2007 MLB Payrolls - Money Doesn't Always Buy Happiness
by Trevor Whenham - 04/06/2007
As we start another baseball season, everyone is looking for every handicapping edge that they can possibly find. One that pops into mind as being worth exploring, if only because it is in the news so often, is the team payroll. When it comes to which teams pay who how much, there are two numbers that put it all into context - 15 and 195. The Florida Marlins had the lowest MLB team payroll in 2006 with just a few dollars less than $15 million at the start of the year. The Yankees were so far to the other extreme that it's almost inconceivable, with nearly $195 million. Steinbrenner and his henchmen were so out of control that they spent $75 million more than the next most foolhardy team, the Red Sox. That $75 million is more than the entire payroll of 16 teams in the league.
So there is a massive disparity in MLB payrolls for different teams. Does that have an impact on the outcome of games? Yes. And no. It's not a simple answer either way - it all depends on how you look at it.

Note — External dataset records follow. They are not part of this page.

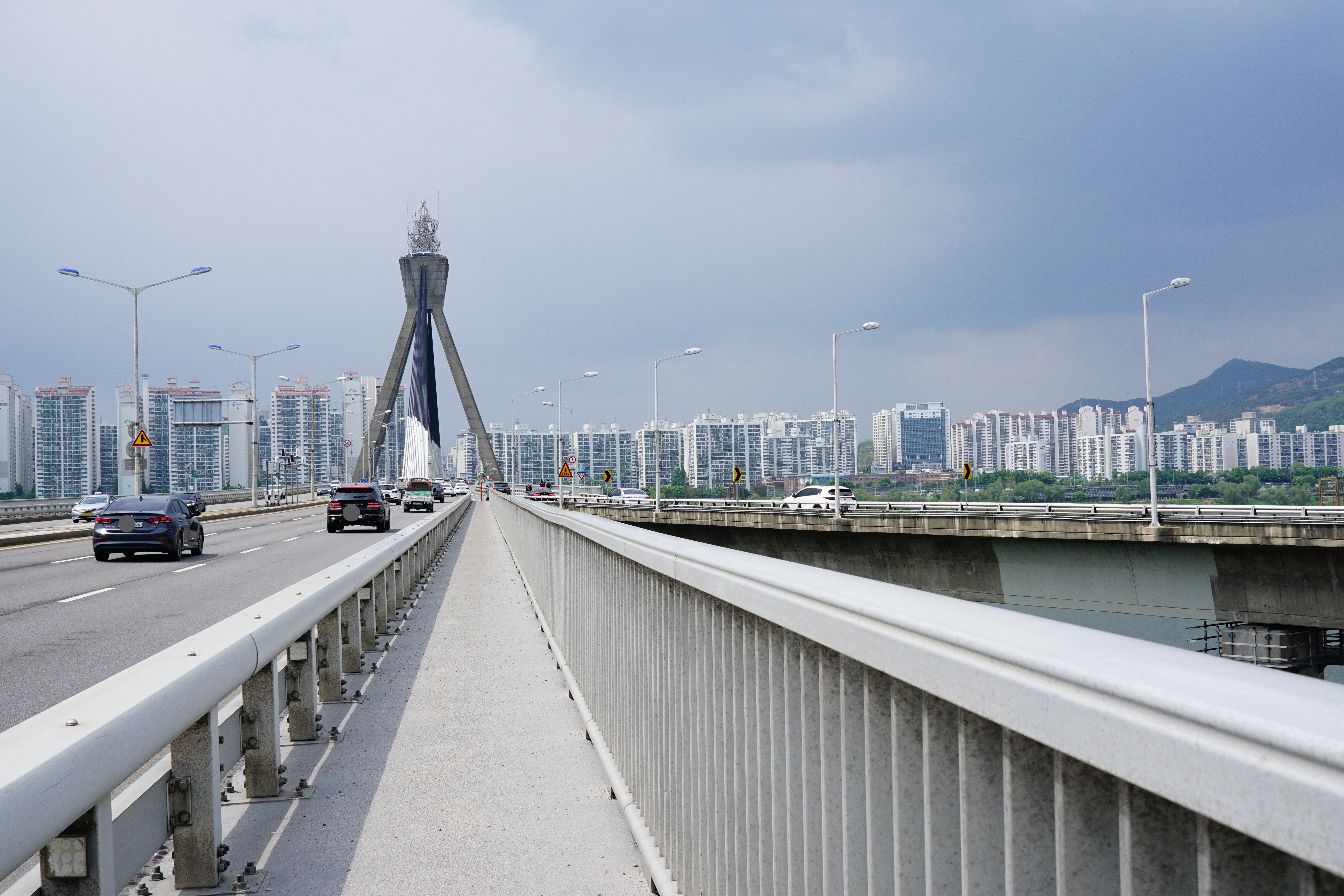 올림픽 대교 갓길엔 자전거 탑승금지입니다. 꾸물거리기만 하고 안 올 것 같던 비가 올림픽대교를 건너가면서 소나기가 쏟아지기 시작했습니다.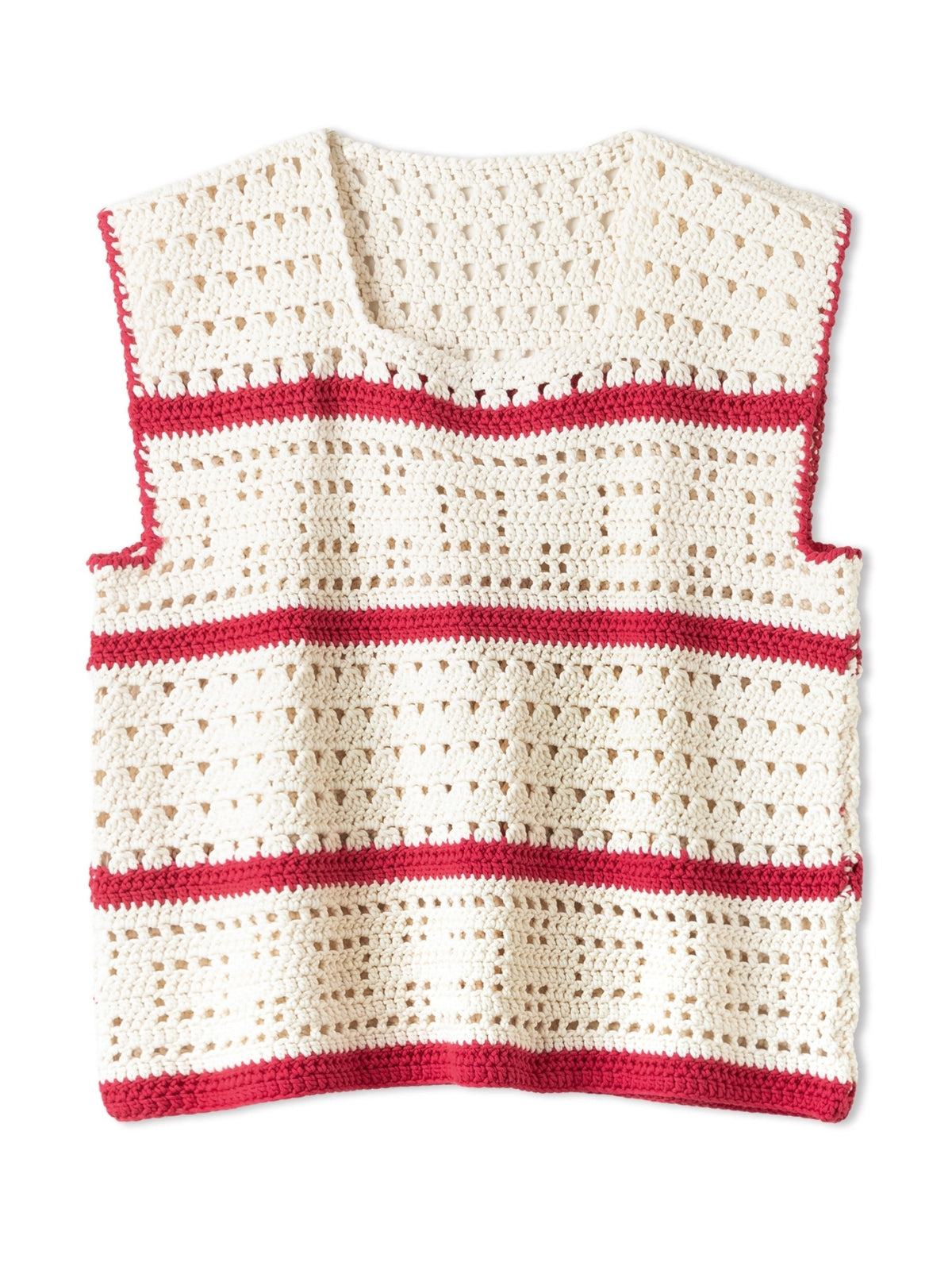Deze gestreepte top wordt gehaakt met een opengewerkt patroon. De top wordt in panden gehaakt welke aan het einde aan elkaar genaaid worden.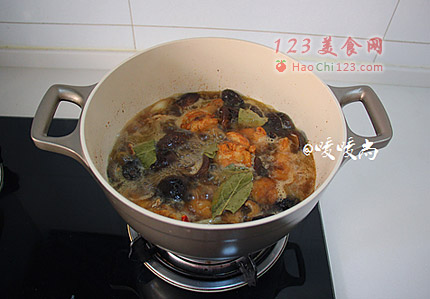 6、下泡发后的香菇,翻炒均匀后,加入600ml的水没过鸡翅根,下香叶、八角,盖上锅盖大火煮开转小火炖40分钟。

The top six teams in payroll last season - the Yankees, Red Sox, Angels, White Sox, Mets and Dodgers - all had winning records. The point of spending the money, though, is obviously to win the World Series. Of the four American League teams in the group, only the Yankees even made the playoffs, and they didn't get out of the first round. The Mets and the Dodgers both got in, but they had to play each other. The Mets won, and then couldn't get by St. Louis. In other words, money clearly doesn't buy happiness. This truth is further illustrated when you look at the last four teams in the top 10 for team payroll. Only the Astros had a winning record, and at 82-80 they were only barely above .500. Of the top 10, then, seven teams ended up with a winning record from a group with a median team payroll of over $100 million. The next group of 10 teams, with a median salary of $72 million, produced five squads with winning records. Spending helps, but not as much as you would think.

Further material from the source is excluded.